# Erevos: A new LIVING Campaign Setting



## fagura (Mar 25, 2014)

Greetings everyone,

Our introductory video:
http://www.youtube.com/watch?v=wNHNwR5utpU

Erevos is a living campaign setting compatible with the Pathfinder Role-playing Game. In contrast to previous popular living settings, the community role in Erevos is decisive: registered members decide how the setting evolves. There are no significant NPCs and each PC’s actions matter and are recorded in the Online History Timeline. 

Perhaps the most significant feature Erevos offers in terms of game-play is that players will have the opportunity to play ‘Rhapsodies’: short personalized adventures written by professional adventure authors specifically for 1 adventuring party, tailored to the needs of the players (theme preferences, characters backgrounds and goals, players likes and dislikes etc). Characters who participate in rhapsodies will be growing in levels, power, wealth and status in Erevos and thus are called ‘Growing’ characters and have several privileges compared to other characters.
To ensure high adventure quality, the number of growing characters at first will be limited. Spots will be reserved exclusively at a 1st come 1st served basis. Although the exact number of growing characters will be determined during beta test, a good first estimation might be around 1,000 characters.
So, if you want to have a growing character, take a look at our perks list to see which pledge levels guarantee one.

Although growing characters will be available to subscribers only, the campaign setting will be available for free to everyone after development through the website and will be designed to grow into whatever the community desires.

For that reason it is highly interactive: registered members will have their personal online page through which they will be able to vote on important matters, discuss custom creations submitted by other members and upload the stories of their characters.

We'd love to hear your questions.


----------



## Madnick (Apr 15, 2014)

Hey guys,

I am the Co-Creator of Erevos and i would like to tell you our project is up and running in IndieGoGo here is the link.

Please visit our site and forum if you want to get to know Erevos better.
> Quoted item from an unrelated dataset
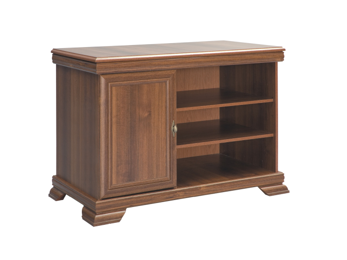 O ușă laterală cu deschidere clasică, ce ascunde două rafturi reglabile, ideale pentru accesorii, cabluri sau dispozitive media.
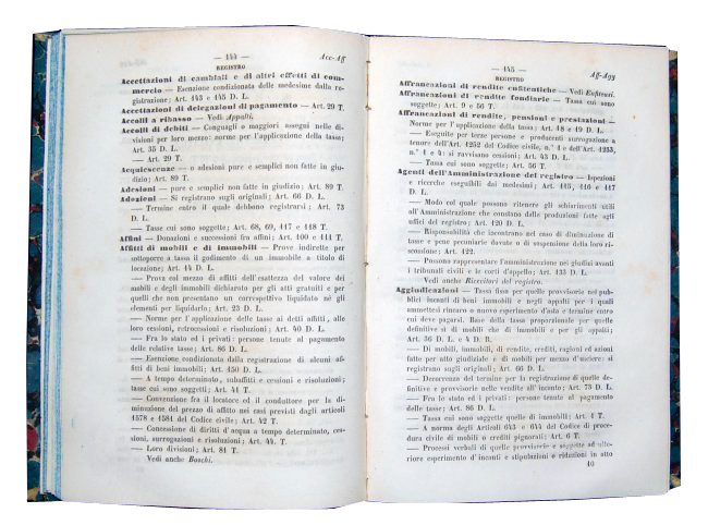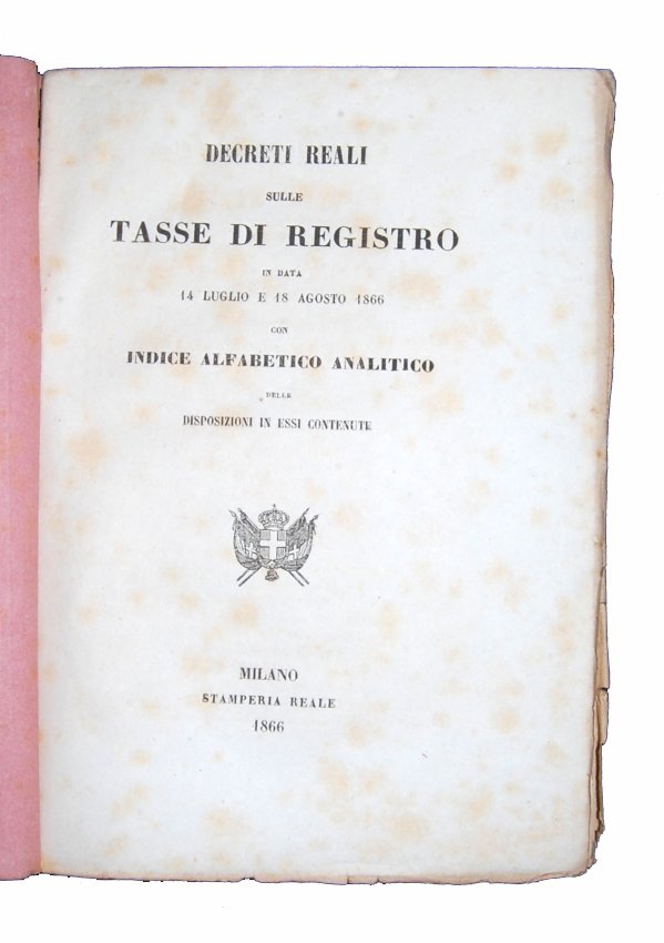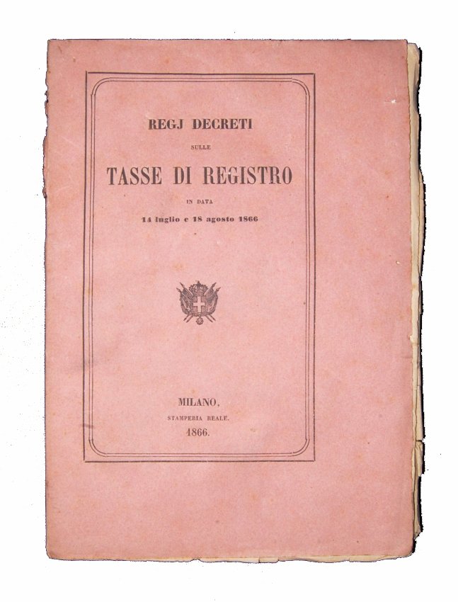 [2.]: Decreti reali sulle tasse di registro in data 14 luglio e 18 agosto 1866 con indice alfabetico analitico delle disposizioni in essi contenute. Milano: Stamp. Reale, 1866.

And follow us on twitter of Facebook to stay up to date!!

_ * EREVOS IN 60''*_
• *Erevos offers the opportunity to play ‘Rhapsodies’:* short personalized adventures written by professional adventure authors specifically for 1 adventuring party, tailored to the needs of the players (theme preferences,characters backgrounds and goals, players likes and dislikes etc)!

• *Erevos is a truly living campaign setting,* in the sense that the world evolves according to players' will and actions. There are no significant NPCs making decisions or major random events dictating the future!
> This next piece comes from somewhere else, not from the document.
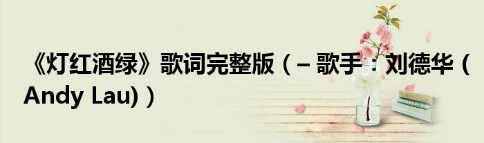 大家好,綜合小編來為大家解答以上問題。《燈紅酒綠》歌詞完整版,– 歌手:劉德華 (Andy Lau)很多人還不知道,現在讓我們一起來看看吧!
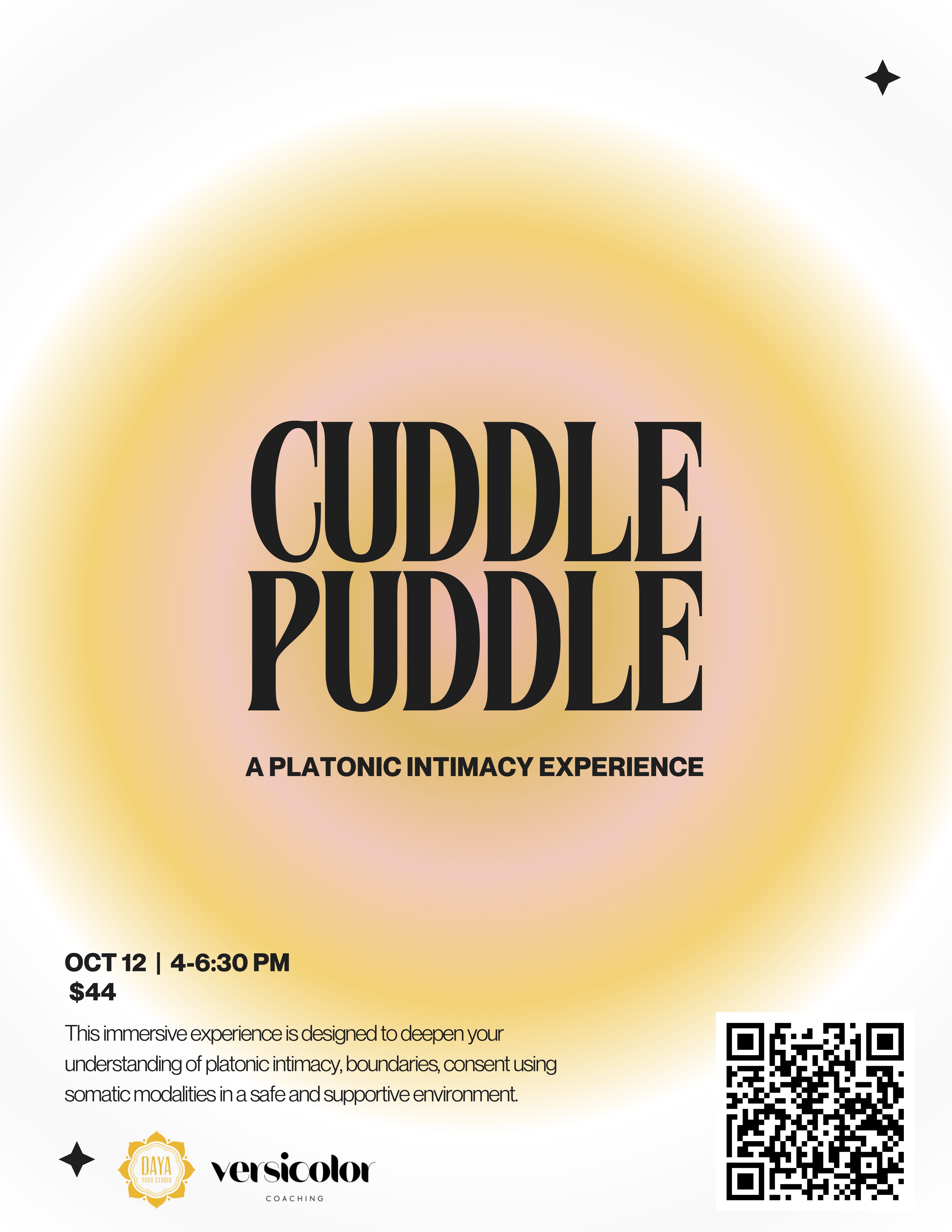 Facilitated by an experienced somatic practitioner, Jessica Langley, "Cuddle Puddle" offers a space for individuals to explore their relationship with touch, consent, and embodiment.

• *Erevos leaves great room for creativity:* by registering in the community, you can upload your custom creations (orders, faiths and so on) and see them become official if the community approves them!

• *Erevos is a world of political influence:* you can determine some part of the world's history by participating in local political councils or even create a kingdom of your own!

• *Erevos acknowledges your character's accomplished tasks:* every registered character has a personal on-line profile page where he can upload his adventures and socialize, much like a social networking platform. The most significant events are recorded in the On-line History Time-line becoming part of Erevos official history!

• All in all, *Erevos aims to provide a free, dynamic setting* to everyone interested in running a home game and *a high quality personalized service *to all subscribers by maintaining personal contact and tailoring the gaming experience to each player’s needs. Personalized service is offered to players with ‘Growing’ characters who have several privileges compared to regular ones among which:

- Receiving Rhapsodies through their subscription

          - Participation in Conclaves of Authority, regional councils that determine local politics                      (through Erevos forum)

          - Access to Kingdom-making (design in all aspects of their settlement which may grow                        into a metropolis)


----------



## Madnick (Apr 30, 2014)

Greetings all,

here is some original artwork taken from the world:

The Sun's Tear.





The city of the Undead lords Bonecrest:




And finally the map of Theogonia the city of Gods.



our IndieGoGo project is still running help us create a true living Campaign Setting!

If you are Redditors drop by /r/Erevos and learn more about the world.

Thank you all
Nick.


----------



## richmondster (Jun 3, 2014)

*hey there! how can you post link?*

hey there! how can you post link?


----------